## GIVEN RECORDS
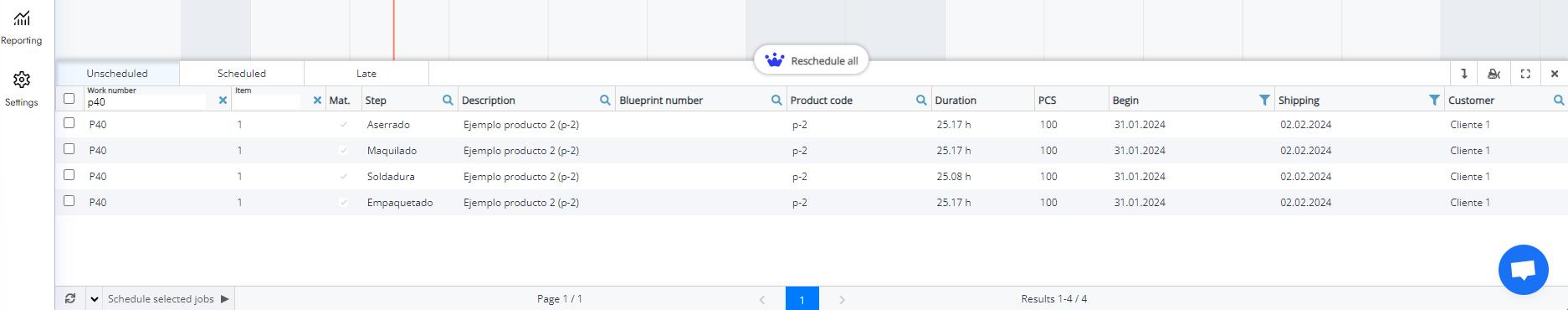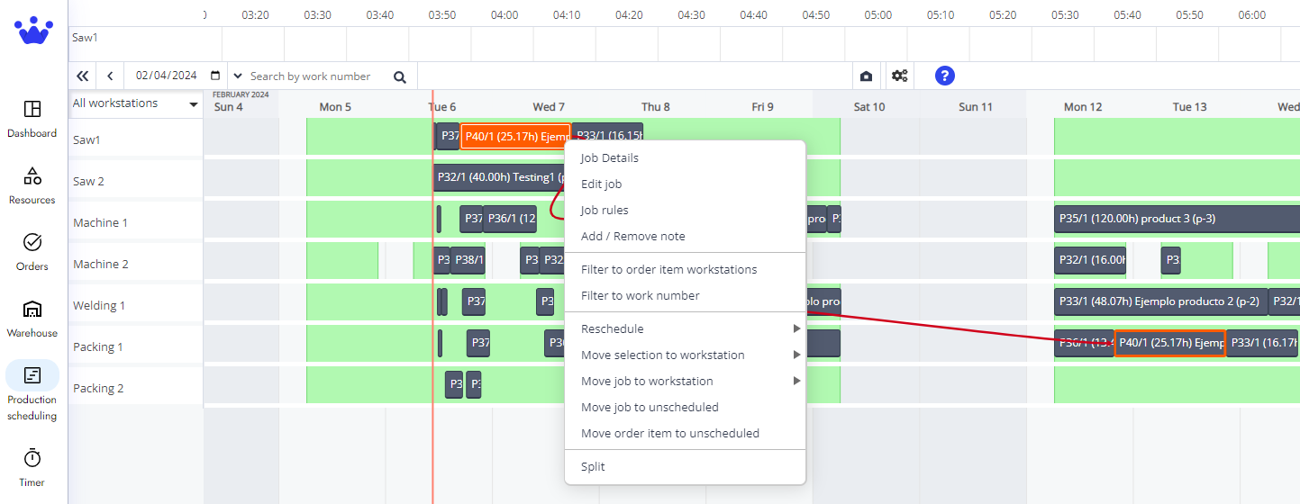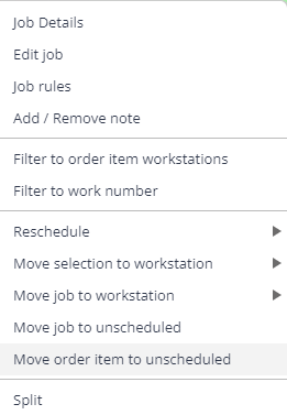 - Right-click on the order item you want to unschedule. In this example, we will pick P40. A new dropdown menu will appear.
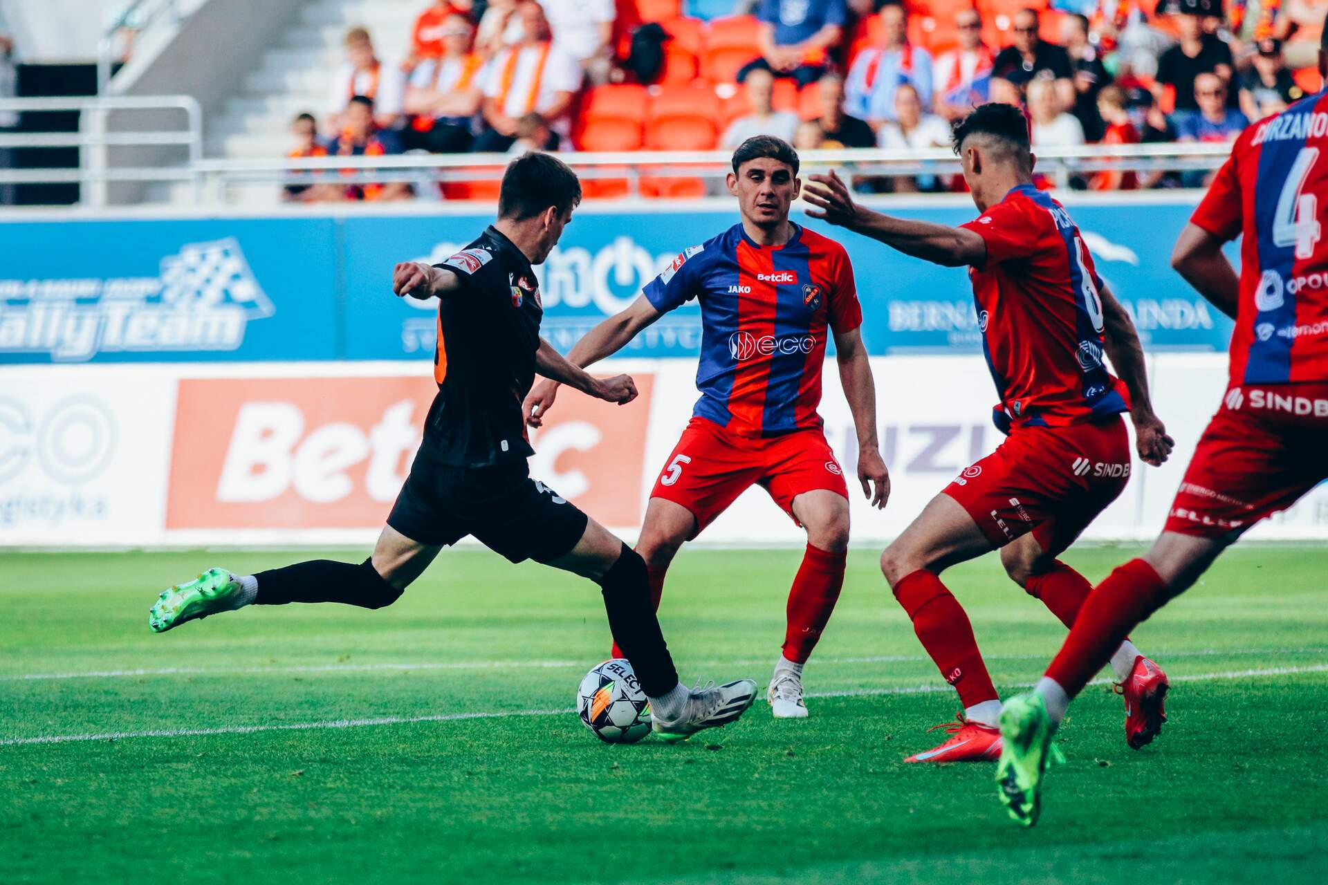 Chrobry kończy z trzema punktami Trudny sezon zakończony dobrą serią Pomarańczowo-Czarnych, którzy pokonując Odrę Opole 2:0 zaliczają trzecie spotkanie z rzędu bez porażki. 25-05-2025 07:26 autor: ŁJ Mecz aktywniej zaczęła Odra, która już w pierwszej minucie stanęła przed dużą szansą. Na strzał zdecydował się Szymon Kobusiński, a piłka trafiła w słupek. W kolejnej sytuacji opolan interweniować musiał Dawid Arndt broniący uderzenie Szymona Szklińskiego. Po drugiej stronie próbował inny… Szymon – Bartlewicz. W tej połowie oddał trzy strzały zza szesnastki i zwłaszcza po tym trzecim był blisko wpisania się na listę strzelców – mowa o 36 minucie, kiedy to futbolówka obiła słupek bramki gospodarzy. Druga część zaczęła się od zagrożenia miejscowych, którzy mogli wykorzystać stały fragment gry. W 52 minucie na strzał z rzutu wolnego zdecydował się Adam Chrzanowski, lecz Dawid Arndt był na posterunku. Po kilku kolejnych minutach akcja przeniosła się na drugą stronę, gdzie sam na sam wychodził Patryk Szwedzik, posyłając piłkę tuż obok słupka. Chrobry coraz bardziej napierał i stwarzał kolejne okazje. Mateusz Abramowicz w efektowny sposób przerzucił piłkę po główce Kacpra Tabisia, ale ostatecznie skapitulował w ostatnim kwadransie. I to dwukrotnie. W 79 minucie na 0:1 trafił Szymon Bartlewicz poprawiający wcześniejszą próbę Tabisia. 120 sekund później było już 0:2, gdy po dograniu od Bartlewicza wstrzelił się wchodzący na boisko w drugiej połowie Mateusz Ozimek. Odra była w stanie odpowiedzieć już tylko nieuznanym golem będącego na spalonym Oskara Zawady. W efekcie dobrej postawy głogowian, zwłaszcza w ostatnich kilkudziesięciu minutach, trzy punkty jadą do Głogowa.
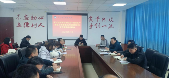 会上校长伍金虎传达学习全市教育系统安全生产专项整治三年行动“巩固提升”工作方案文件精神和要求:1.以习近平新时代中国特色社会主义思想为指导全面贯彻党的十九大和十九届历次全会精神,深入贯彻习近平总书记关于安全生产重要论述和批示。2.坚持党的领导、坚持以人民为中心、坚持分类管理、坚持预防为主、坚持“五个治理。3.通过开展三年专项整治行动“巩固提升”工作,切实解决思想认识不足、安全发展理念不牢、落实存在差距等突出问题。4.强化专题学习成效;一是深入学习习近平总书记关于安全生产重要论述及视察贵州、毕节重要讲话精神和国务院、省、市安全生产电视会议的精神,巩固学习成效,提升行动自觉。二是组织对“生命重于泰山--学习习近平总书记关于安全生产重要论述”电视专题片进行再学习。5.夯实校园基础设施;一是持续推进校园安全基础能力建设;二是保障校内建筑安全,对校舍、围墙、校门、厕所等附属设施是否存在固定不牢、墙体开裂、地质灾害等隐患展开全面排查并及时整治。6.关爱学生健康成长;一是关注学生心理健康,健全完善学生心理健康教育、排查、干预工作机制。二是加强对特殊群体学生重点管理。7.加强校园内部安全管理;一是加强学校消防安全管理。二是预防校园欺凌。三是加强教职员工管理。四是治理校园电信诈骗、校园贷。五是预防校园食品安全。六是严把意识形态安全关口,开展排查整治。8.校园周边环境整治;一是发挥学校“三防”建设功能。二是要加强学生交通安全管理。
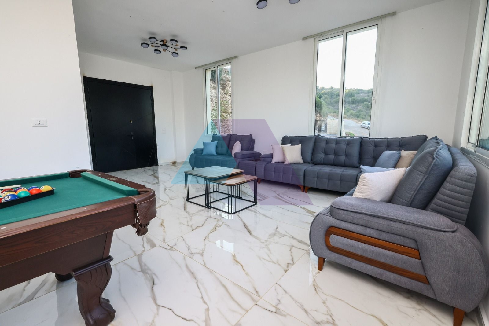• مساحات المعيشة: صالون، غرفة طعام، غرفة جلوس
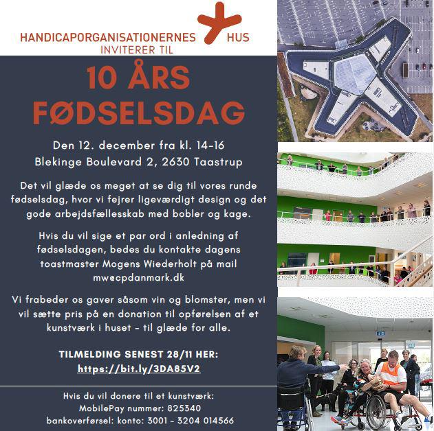 Cystisk Fibrose Foreningens sekretariat har til huse i Handicaporganisationernes Hus i Høje Tåstrup og du er inviteret med, når husets 10-års fødselsdag, ligeværdigt design og det gode arbejdsfællesskab fejres mandag den 12. december fra klokken 14-16. Der vil være bobler, kage og taler. Se invitationen herunder.
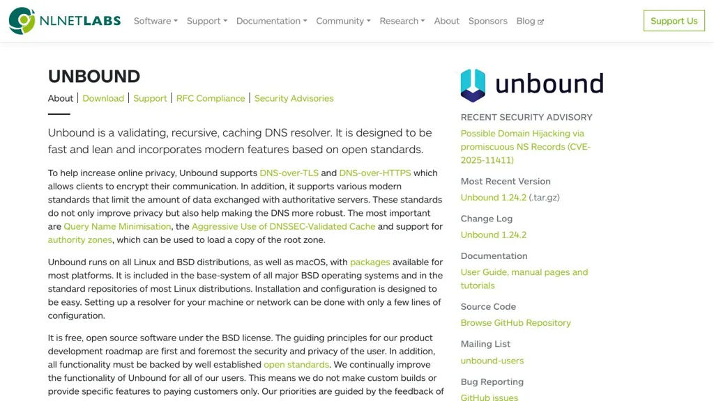 Unbound is a mature, open-source DNS resolver maintained by NLnet Labs with an emphasis on security, privacy and standards compliance. It is widely packaged for major Unix-like distributions and is suitable for both personal and operator-scale resolver deployments.

## EXERCISE REQUIREMENTS
Nothing but the lines from the one holding "طعام، غرفة جلوس" through the final line of the entries should be retyped, exactly as they stand and without pictures.

## RESULT OF THIS TASK
• مساحات المعيشة: صالون، غرفة طعام، غرفة جلوس
 Cystisk Fibrose Foreningens sekretariat har til huse i Handicaporganisationernes Hus i Høje Tåstrup og du er inviteret med, når husets 10-års fødselsdag, ligeværdigt design og det gode arbejdsfællesskab fejres mandag den 12. december fra klokken 14-16. Der vil være bobler, kage og taler. Se invitationen herunder.
 Unbound is a mature, open-source DNS resolver maintained by NLnet Labs with an emphasis on security, privacy and standards compliance. It is widely packaged for major Unix-like distributions and is suitable for both personal and operator-scale resolver deployments.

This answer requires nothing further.